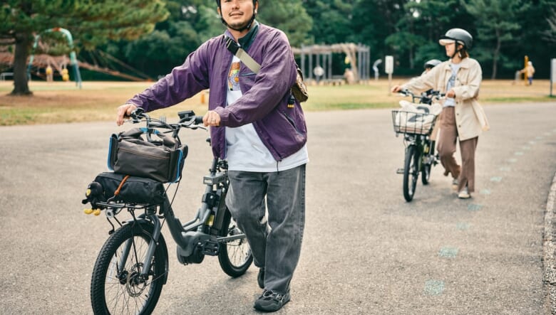 「これ、普通の電動アシスト自転車よりも軽いと思うよ。澄が乗ったまま押しても、スイスイ進んでくれるし」(恵利さん)
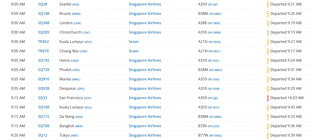 Here, we support two points: SQ operates connections for India-Singapore-US flights, judging by how connection times from India – Singapore to Singapore – US flights (trivia: SQ12 is a SIN-NRT-LAX route, so that’s also included in the pool of US flights) are timed for connection times of between 1.5 hours to 3 hours. Next, we also highlight the “massive departure” banks all over Southeast Asia from this screenshot.
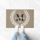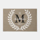 ¡Falso fondo magnífico y rústico de la arpillera con el marco blanco del laurel del trigo y el doormat personalizado del texto del apellido! ¡Este doormat parecería fabuloso en su umbral! ¡Dé como regalo a los recienes casados!
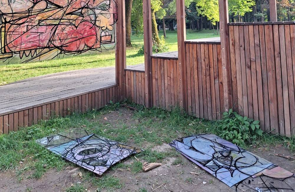 FOTO: Vandali zničili vystavené umelecké diela v prievidzskom mestskom parku
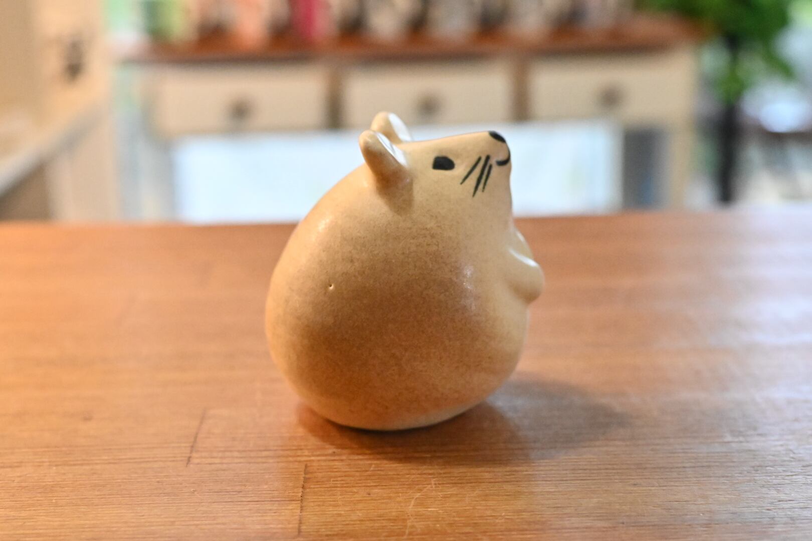ころんとまあるいねずみは、そのやさしげな表情で思わずキュンとしちゃう愛くるしさ。手のひらサイズだから省スペースにも置けて、その場をふわっと和やかな雰囲気にしてくれます。
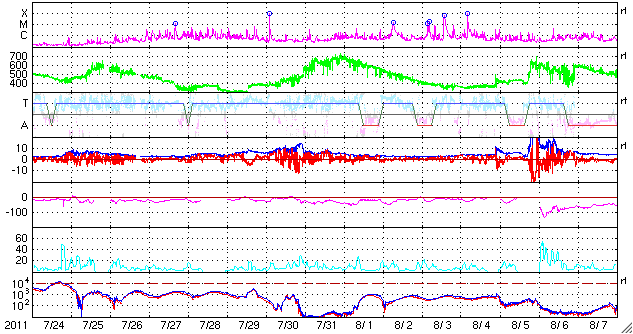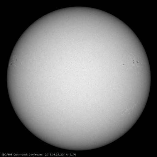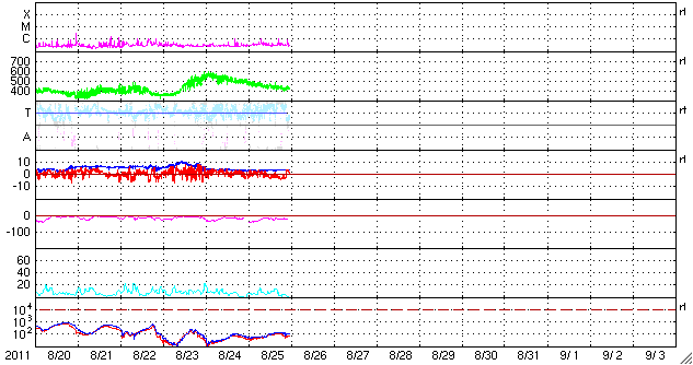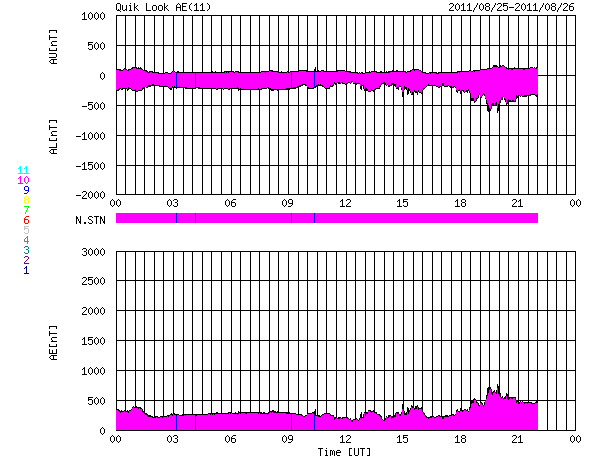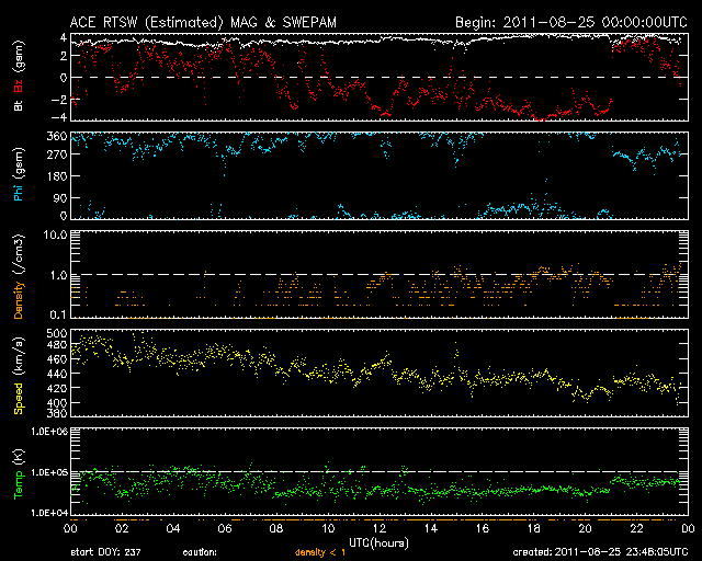 2011/ 8/26 08:48 更新 太陽風は平均的な速度に戻っています。明日以降、高速風になりそうです。 担当 篠原 太陽風の速度はゆっくりと下がり続け、 420km/秒と平均的な速度に戻っています。 磁場強度も3〜4nTと弱めの状態です。 その中で、磁場の南北成分が半日ほど連続して-2〜-4nTの弱い南向きになっていました。 この影響で、AE指数の変化も少し高まっていた様です。 太陽風は、今日はこのまま穏やかに推移し、 明日くらいから、コロナホールの影響による高速の太陽風がやって来そうです。 SDO衛星AIA193の太陽コロナ写真を見ると、 北半球に暗く見えているコロナホールは、 西半球側(右側)に次第に進んでいます(太陽の自転によるものです)。 このコロナホールの先頭が、太陽の西側の半分ほどまで進んだ頃、 地球に高速太陽風がやって来ると見積もります。 太陽では、東の端から新しい黒点が2つ上がってきました。 右側が1277黒点群、左側が1279黒点群です。 それぞれB9.5、B9.6とほぼCクラスに達する規模のフレアを起こしています。 黒点としてはそれほど大きくありませんが、 どの様な活動を起こすのか、しばらく注目してください。 元気いっぱいの小中学生たちに負けそうになりながら、講習会1日目を終えました。 今日はその続きと、自分たちで作った水ロケットの打ち上げを行います。 その時刻まで現在の良い天気が続くといいのですが。 SDO衛星のAIA193カメラによる太陽コロナの様子 (c) SDO (NASA) ![]() SDO衛星による太陽の可視光写真。マウスの矢印を写真に重ねると、黒点番号付きの写真に切り替わります。 (c) SDO (NASA) ![]() ACEが観測した太陽風の磁場(1番上の枠、白線は全体の強度、赤線は南北成分) および、太陽風の密度(3番目の橙線)、速度(4番目の黄線) (c) NOAA/SWPC ![]() リアルタイムAE指数 下段のAEグラフの値が高くなると、オーロラ活動が活発化しています。 (c) 京都大学, NICT ![]() 27日の太陽周期に合わせたデータプロット 太陽が同じ面を地球に向けていた27日前の変化から、今後を予想することができます。 (c) 作図:宇宙天気ニュース
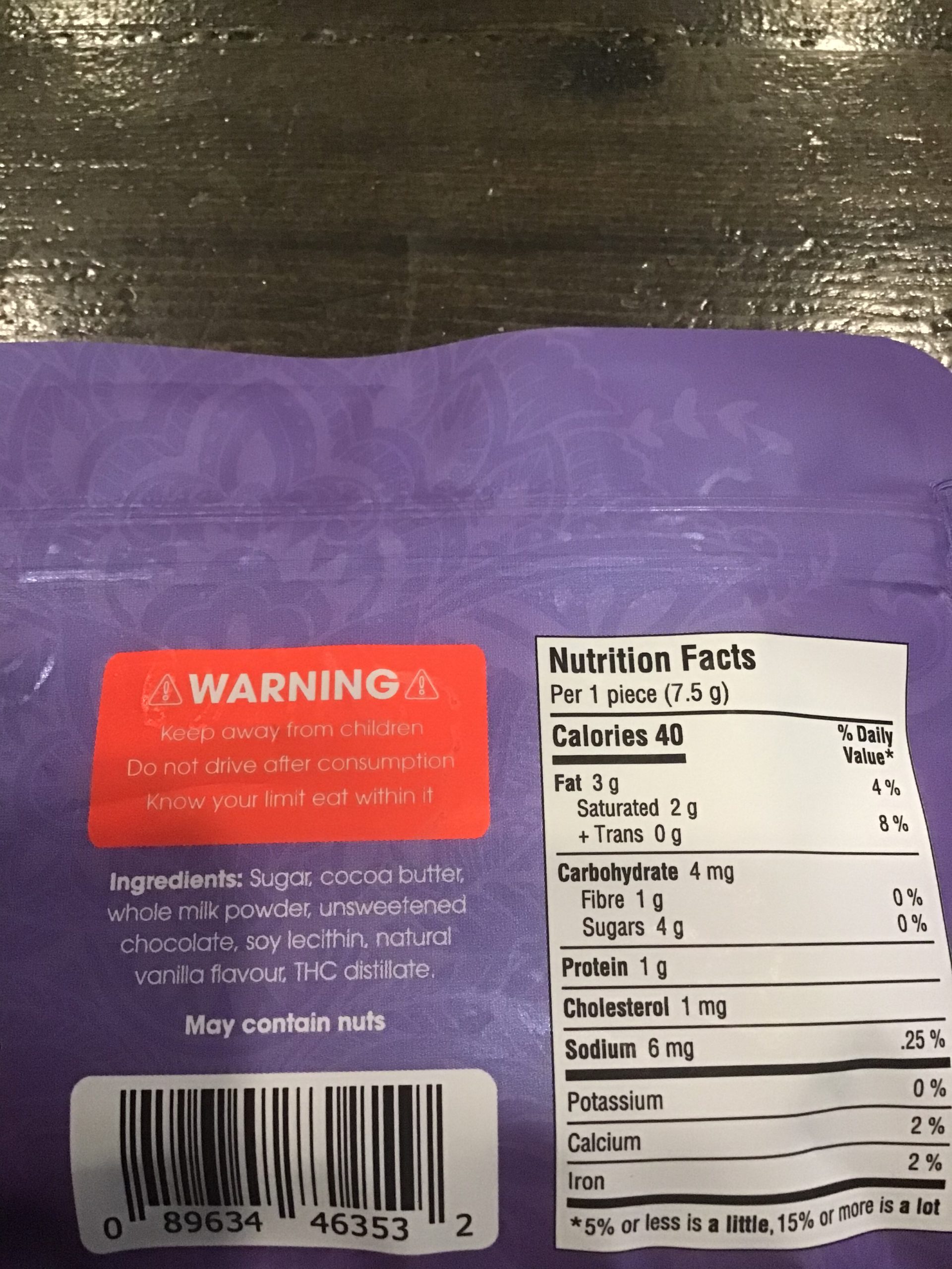 Ingredients: Sugar, cocoa butter, whole milk powder, unsweetened chocolate, soy lecithin, natural vanilla flavour, THC Distillate.
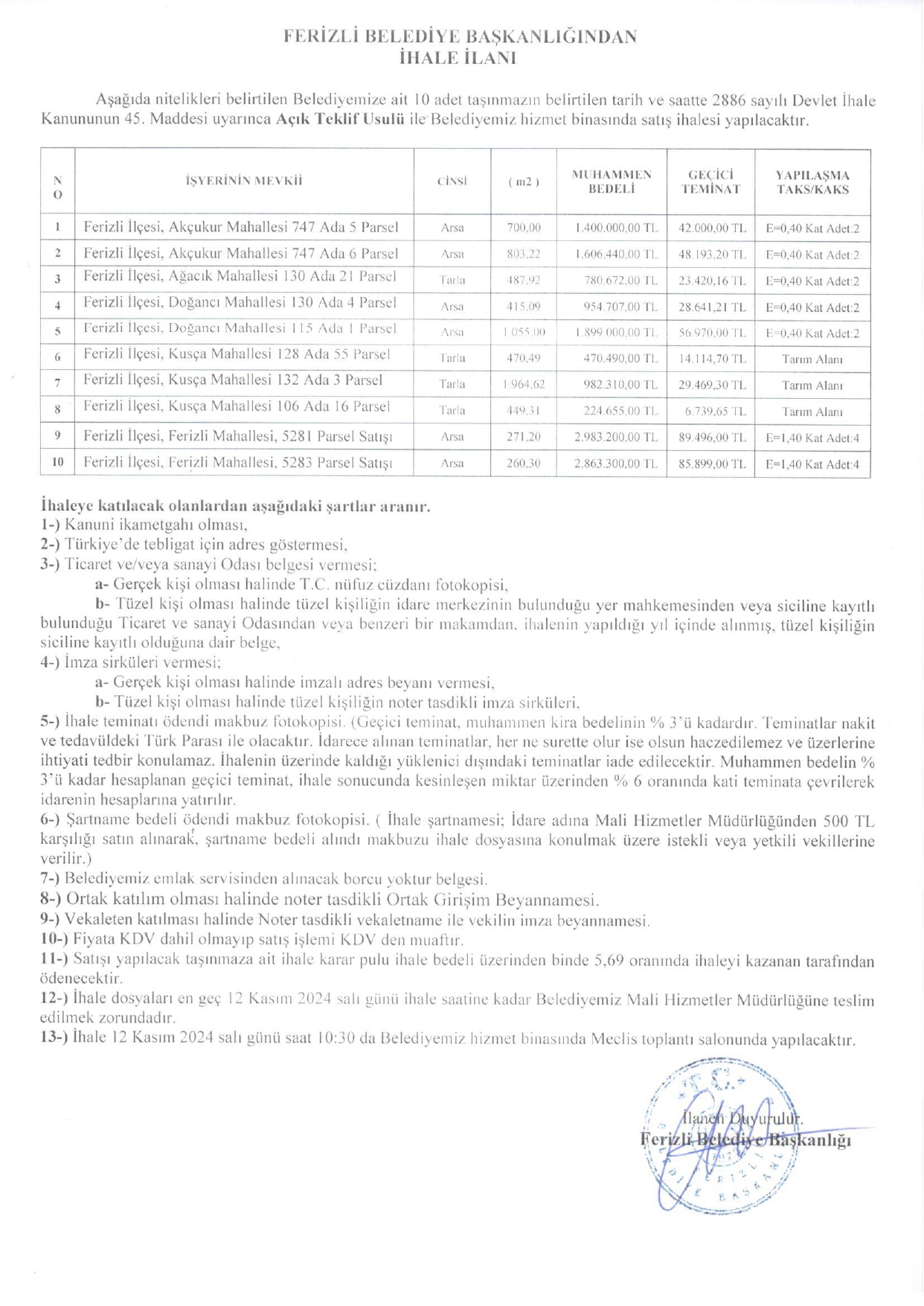 FERİZLİ BELEDİYESİ İHALE İLANI (12.11.2024)
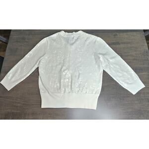 WHBM Womens Sequin Cardigan Sweater Ivory Medium 3/4 Sleeves Zip up
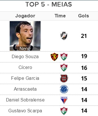 Quem disse que a função dos caras é só armar o jogo? Tem muito meia que invade a área e não hesita em chutar. É o caso de todos esses aqui do lado. Nenê, do Vasco, colaborou na Série B com 13 gols e liderou a artilharia por um tempo, até ser ultrapassado por Bill, que fez 15. No Carioca, ainda deixou a marca em sete oportunidades.
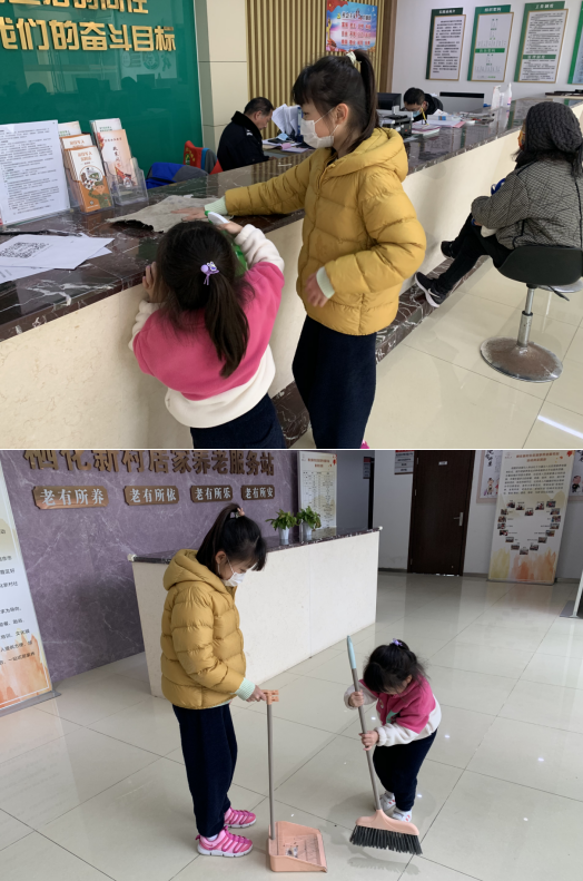 接著,青少年們主動(dòng)拿起掃帚、拖把、抹布,將社區(qū)養(yǎng)老服務(wù)站和便民服務(wù)大廳打掃干凈。
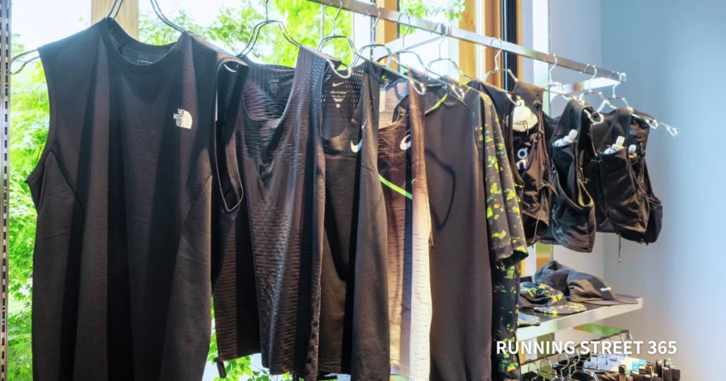 アディダスやナイキといった大手だけでなく、新進気鋭のガレージブランドもラインナップに加わっているのも「ALPEN RUN MEIJI PARK」の特長のひとつです。ウェアや小物も、スタッフが本当に使ってもらいたいと感じたものだけを厳選して販売しています。
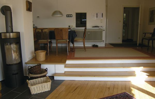 The rooms extend over the first floor and are traditionally and comfortably furnished. There is enough space for up to 4 people. The separate bedroom is equipped with a double bed. Two more sleeping places are located in the living area.
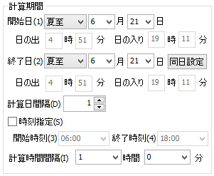 ※時刻指定をしない場合、開始日から終了日の間で、最も早い「日の出時刻」が計算開始時刻となり、最も遅い「日の入り」時刻が計算終了時刻となります。
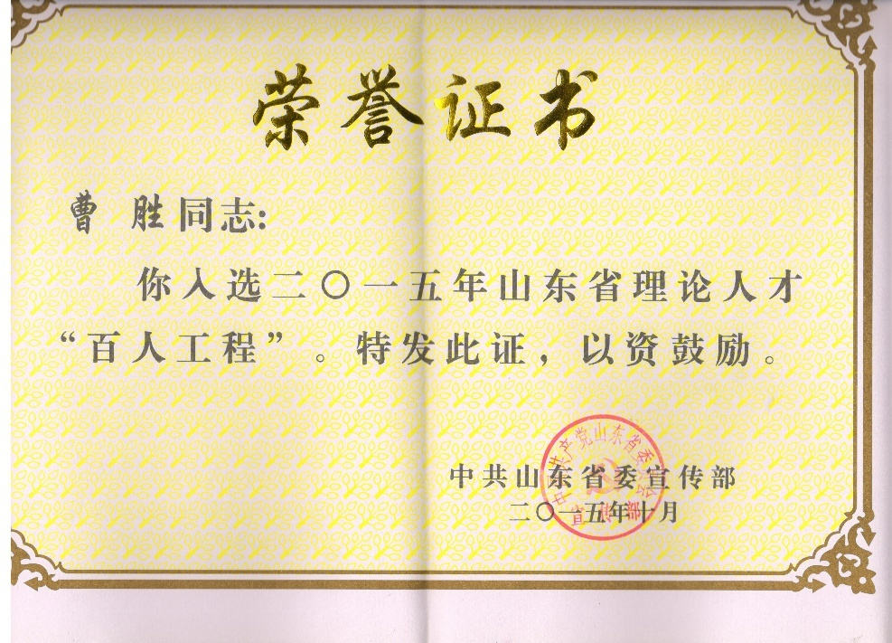 山东省理论人才“百人工程”:曹胜
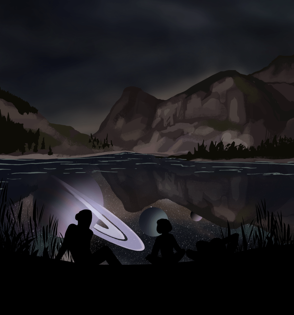 For a second I thought I was imagining them. I looked up at the sky and saw nothing but clouds. But when I looked back down at the lake, stars. More than I’ve ever seen in my life, great, swirling, colorful, swaths of stars. But what I was seeing didn’t fully set in until I saw the planet. It was bigger than the moon, and had rings.
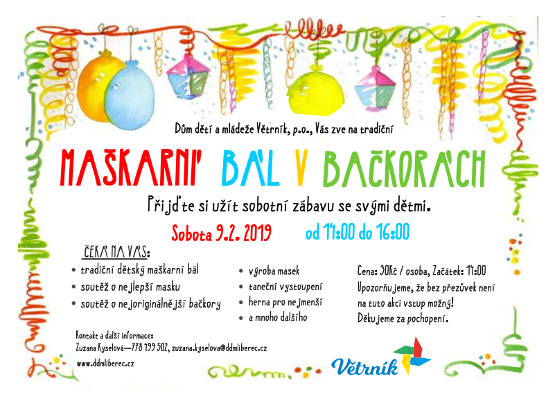 Na sobotu 9. února od 14 hodin si pro Vás DDM Větrník připravil Maškarní bál v bačkorách. Můžete se těšit nejen na soutěž o nejlepší masku a nejoriginálnější bačkory, ale také na tvořivou dílničku zaměřenou na výrobu masek, hernu pro nejmenší, taneční vystoupení a na mnoho dalšího!

____

[TASK DETAILS] In the listing above, find the line with "Ingredients: Sugar, cocoa" and the line with "WHBM Womens Sequin". Copy both of them and every line between, exactly, but not the pictures.

[RESPONSE BOX]
 Ingredients: Sugar, cocoa butter, whole milk powder, unsweetened chocolate, soy lecithin, natural vanilla flavour, THC Distillate.
 FERİZLİ BELEDİYESİ İHALE İLANI (12.11.2024)
 WHBM Womens Sequin Cardigan Sweater Ivory Medium 3/4 Sleeves Zip up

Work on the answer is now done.